The bancassurer said it is seeing the first signs of recovery in
financial markets, but cautioned that it expects economic
conditions to remain challenging "for some time." It raised its
cost savings target by 30% to EUR1.3 billion, from EUR1 billion,
but scrapped its dividend due to the uncertain conditions.
ING said it booked a net profit of EUR71 million in the second
quarter, down from the EUR1.92 billion profit it made a year
earlier but well above the net loss of EUR793 million it posted in
the first quarter. The profits were largely driven by its insurance
unit, which saw low claims in the U.S. and managed to cut costs and
sales expenses.
However, the figure was well below analysts' expectations for a
net profit of EUR388 million as it wrote down EUR584 million on the
value of its property portfolio and made EUR852 million of new
provisions for potential losses on its loan book.
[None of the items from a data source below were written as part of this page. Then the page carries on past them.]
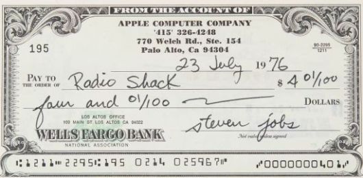 이 수표는 전자제품 전문 유통업체 '라디오쉑'에 보내진 것이다. 일반 수표와 다른 점은 잡스가 직접 서명했다는 것이다. 비즈니스인사이더는 "잡스는 사인을 하지 않는 것으로 유명하다"라고 설명했다. 이 수표를 누가 내놓았는지 등은 공개되지 않았다.
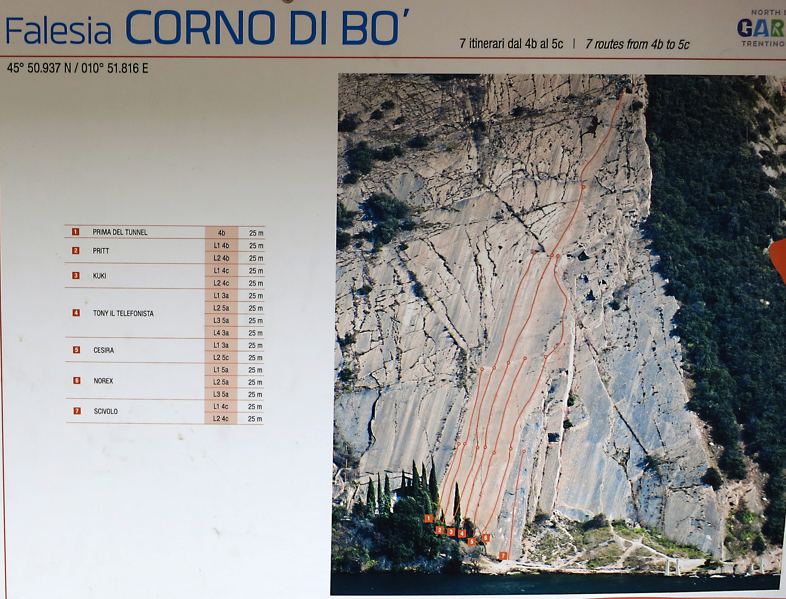 Sieben Touren auf einem Plattenpanzer, der direkt in den Gardasee abfällt. Griffe gibt es kaum, doch das stöhrt die Kletterer aus Arco wenig. Die Platten sin der perfekte Platz, um seine Kletterschuhe auf Reibung zu testen. Die Touren sind ein bis vier Seillängen lang.
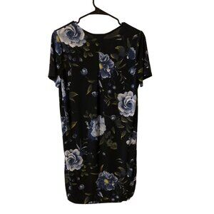 Description: Womens navy blue with light blue flowers lightweight short sleeve knee length dress.
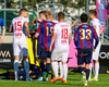 Leikurinn er hafinn. Leiknir í sínum hefðbundnu keppnisbúningum en Valur er í alhvítum varabúningum. Leiknir byrjar með boltann og sækir í átt að Unufellsblokkinni.
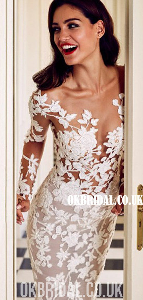 Gorgeous Lace Mermaid Long Sleeves Round Neck Wedding Dresses, FC4688 Gorgeous Lace Mermaid Long Sleeves Round Neck Wedding Dresses, FC4688
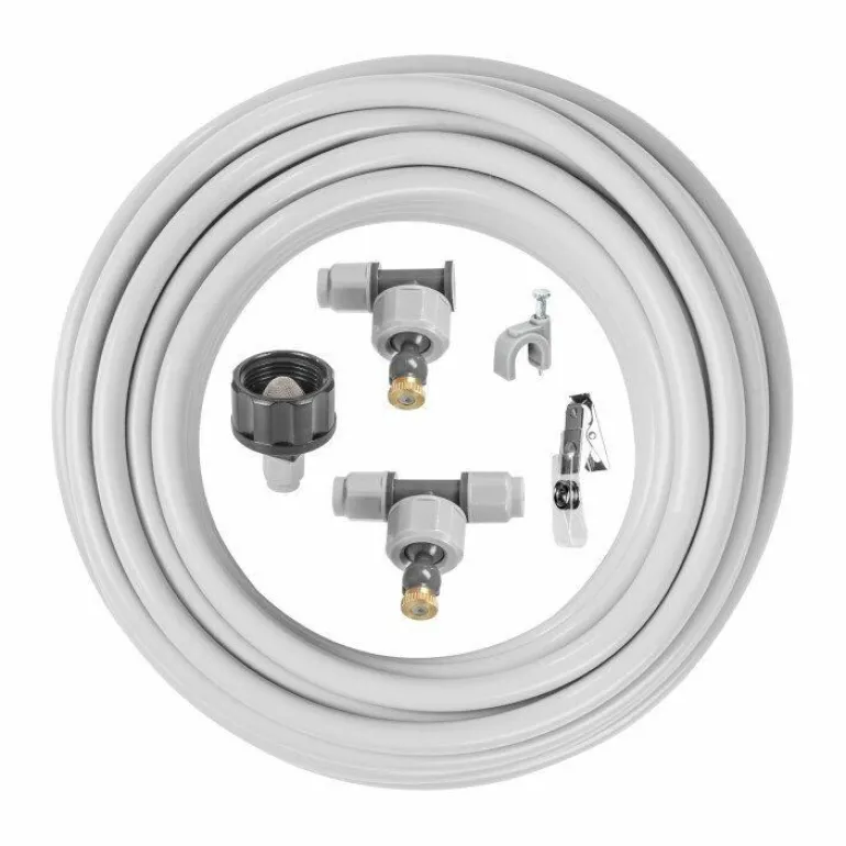 zestaw zawiera: 15 m węża, przyłącze z gwintem wew. G 3/4” – 1, dysze mgłowe – 7, dysze stop – 1, klips – 16, hak montażowy – 16
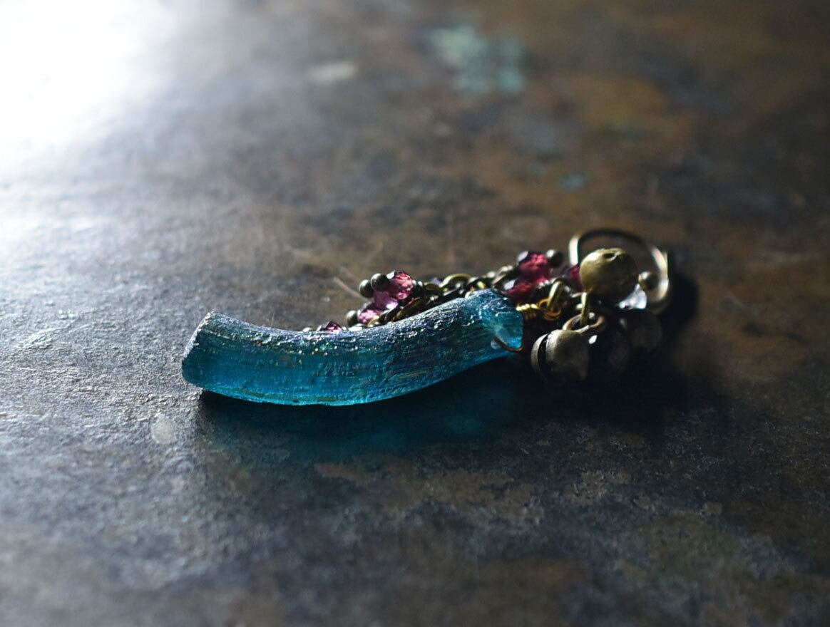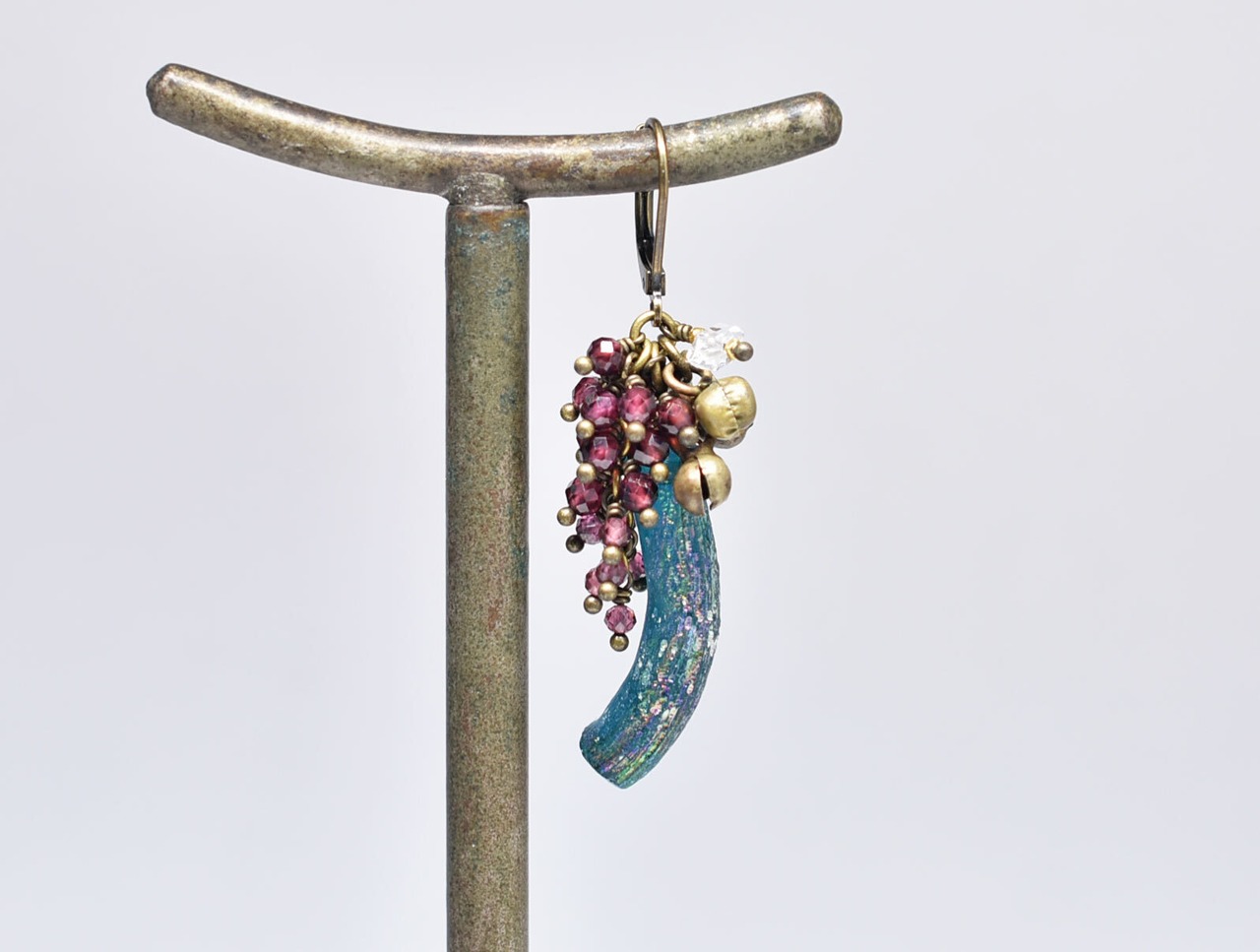銀化ブルーローマングラスとたわわなガーネット、ハーキマーダイヤモンド、民族鈴を繋いだ片耳ピアスです。
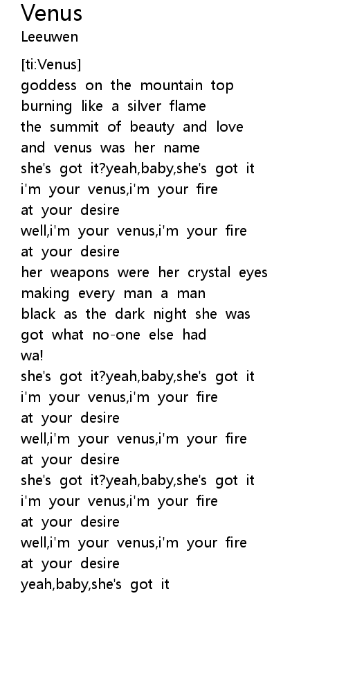 | [01:33.525] | i'm your venus,i'm your fire |
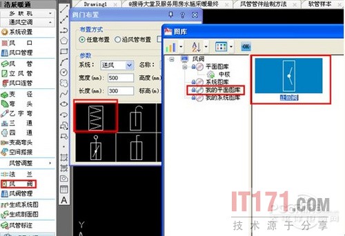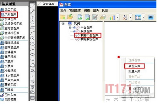 针对特定的项目或特定行业的本地化阀门需求,软件提供了开放的数据库接口,用户可以通过“图库-风阀图库”进行扩充,在CAD绘图区域绘制好需要录入数据库的风阀图形,然后运行该命令,在左侧列表中选择“我的平面图库”,右侧空白区域单击鼠标右键,选择新图入库。
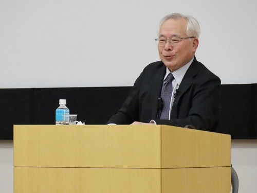講演の前後に挨拶された、林田文芸学部長、杉本副学長が「周囲に笑いの絶えない学長だった」と異口同音に述べられていましたが、最後の講演も時に会場から笑い声が上がる和やかな会となりました。
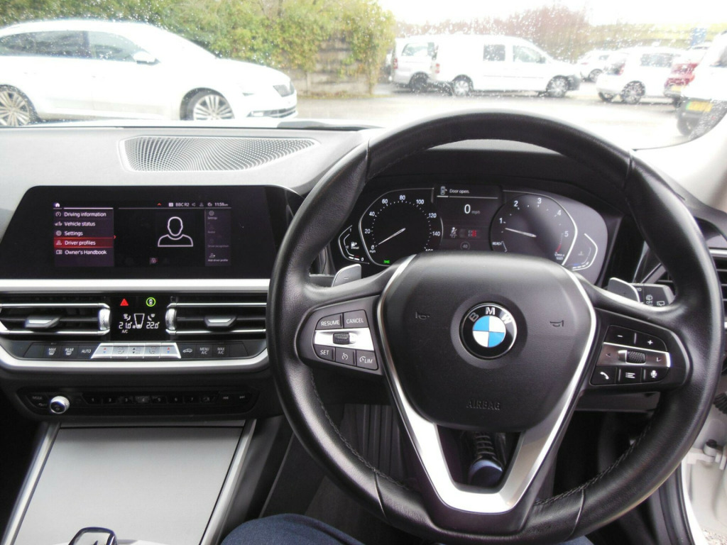 This 2021 BMW 330d Sport is a Euro 6 compliant vehicle, offering an efficient 3.0L Diesel Hybrid engine paired with a capable Four Wheel Drive system. This model comes equipped with an electric towbar, perfect for those needing to tow, and automatic three zone air conditioning for optimal comfort for all occupants. Inside, you will find the BMW Live Cockpit Plus, which includes Bluetooth connectivity, and a comprehensive Parking Assistant system. This system features front and rear sensors and Park Distance Control, making manoeuvring in tight spaces significantly easier.The Sport trim level ensures a dynamic driving experience, and this particular 330d variant benefits from a low insurance group, which can help to reduce ownership costs. The combination of its advanced hybrid technology, all wheel drive, and sophisticated parking aids demonstrates a higher level of specification and capability compared to many other vehicles in its class.. 12V Power Socket in Front Storage Compartment, 18in Alloy Wheels - Light V-Spoke Style 780 Bicolour Orbit Grey, Acoustic Glazing, Active Air Stream Kidney Grille, Active Guard Plus, Air Conditioning - Automatic with Three-Zone, Airbags, Alarm System - Thatcham 1 with Remote Control and Electronic Engine Immobiliser, Ambient Lighting with Welcome Light Carpet, Armrest - Integrated in Door Trim Front and Rear and in Front on the Centre Console, Armrest - Rear Centre with Two Cupholders, Attentiveness Assistant, Automatically Dimming Rear View Mirror, BMW Connected Package Professional, BMW ConnectedDrive Online Services, BMW Emergency Call, BMW Individual Roof Rails High-Gloss Shadow Line, BMW Live Cockpit Plus, BMW Mobility System, BMW TeleServices, Balanced 50-50 Weight Distribution, Battery Safety Cut-Off in the Event of an Accident, Bluetooth Hands Free with USB Audio Interface, Brake Pad Wear Indicator - Front and Rear, Bumper System - Front and Rear, Central Locking Switch - Doors - Fuel Filler Cap - Luggage Compartment, Centre Console Rear Storage Compartment - Ventilation Grille, Check Control Warning System for Monitoring of Lights and Door-Luggage Compartment Open Warning, Child Proof Locking System - Rear Doors, Child Seat ISOFIX Attachment - Rear, Condition Based Service, Crash Sensor, Cruise Control with Brake Function, Cup Holders in Centre Console - Front - 2 Cupholder Inserts with Clamping Elements - Inlay Matt Black, DAB Digital Radio, DSC - Dynamic Stability Control Plus, Door Pockets - Front and Rear, Door Sill Finishers - Aluminium Inserts in the Front - Brushed with BMW Designation, Drive Performance Control, Driving Experience Modes, Dynamic Brake Lights, EPS - Electric Power Steering, Electric Windows - Front and Rear, Electro Mechanical Parking Brake, Exhaust Tailpipes - Split Left and Right - 90mm Diameter, Exterior Mirrors - Electrically Folding with Anti Dazzle, Exterior Parts in Body Colour, Exterior Trim - High-Gloss Shadowline, First Aid Kit and Warning Triangle, Floor Mats - Velour - Front and Rear, Front Bumper with Specific Design Elements in Black High-Gloss, Glove Compartment - Illuminated - With Separate Small Compartment, Grab Handles - Integrated in Roof Lining x4, Headlights - Adaptive LED, Heat Protection Glazing with Green Tint, Incorrect Fuelling Protection System, Instrument Cluster, Interior Lighting, Interior Trim - Black High Gloss, Interior Trim - High-Gloss Black with Pearl Chrome Finisher, LED Fog Lights - Front, Larger Fuel Tank, Lashing Eyes in Luggage Compartment x4, Luggage Compartment - Light, Model Designation on Tailgate - Right, OBC - On-Board Computer, Oil Sensor For Level and Grade - Warning by Check Control System, Optimum Shift Indicator, PDC - Park Distance Control - Front and Rear, Parking Assistant, Personal Profile, Preparation For High-Beam Assistant, Rain Sensor with Automatic Headlight Activation, Rear Bumper with Specific Design Elements in Black High-Gloss, Rear Lights - LED, Rear Seats, Remote Control - Including Integrated Key, Roof Mouldings - Body Colour, Seat Belt Security Check for Driver and Front Passenger, Seat Heating for Driver and Front Passenger, Servotronic Steering, Shark Fin Aerial, Side Impact Protection, Split Folding Rear Seat, Sport Multi-Function Leather Steering Wheel - Three Spoke, Sport Seats - Front, Start-Stop Button with Keyless Engine Start and Auto Start-Stop Deactivation Button, Steering Column Mechanically and Infinitely Variably Adjustable in Height, Stereo Speaker System, Stroke-dependent Dampers, Sun Visors with Vanity Mirrors and Ticket Holder, T-Shaped Design Element Right and Left in Black High-Gloss, TPMS - Tyre Pressure Monitoring System, Three-Point Seat Belts - All Seats, Through-Loading System, Tool Kit Located in Luggage Compartment, Two Tone Horn, Tyres - Reduced Rolling Resistance, Visible VIN, Welcome Light, Windscreen Wipers - with Integrated Washing Jets, iDrive Controller, Towbar - Electric, Lumbar Support - Dri.

It said it expects loan losses to be about the same amount in
the second half of the year.
ING, which received a EUR10 billion Dutch state capital
injection in October last year and received a EUR27.7 billion state
guarantee on its Alt-A mortgage portfolio in January, is trying to
cut costs from its operations around the world and is also trying
to sell assets worth EUR6 billion to EUR8 billion.
It said it had managed to cut 8,219 jobs by the end of the
second quarter, ahead of its target of 7,000 job cuts by the end of
this year.
SNS Securities analyst Maarten Altena, who is maintianing an
accumulate rating on the stock even though results were below
expectations, said he was disappointed that the E.U. still hadn't
decided on the measures ING needs to take to get approval for the
state aid it received.
ING Chief Executive Jan Hommen said discussions with the
European Commission on the restructuring plan that is needed for
definite approval of the Dutch state support "will commence in the
coming weeks and it is uncertain what the outcome will be."
In its statement, the company said the EC's decision "could lead
to significant changes for ING Group going forward," but Hommen
declined to elaborate.
The CEO said ING wants to repay the Dutch state support as soon
as possible, but couldn't say when because of the economic
uncertainty. He said the main priority is to keep ING viable.
At 0800 GMT, ING's shares were 6.9% lower at EUR8.49.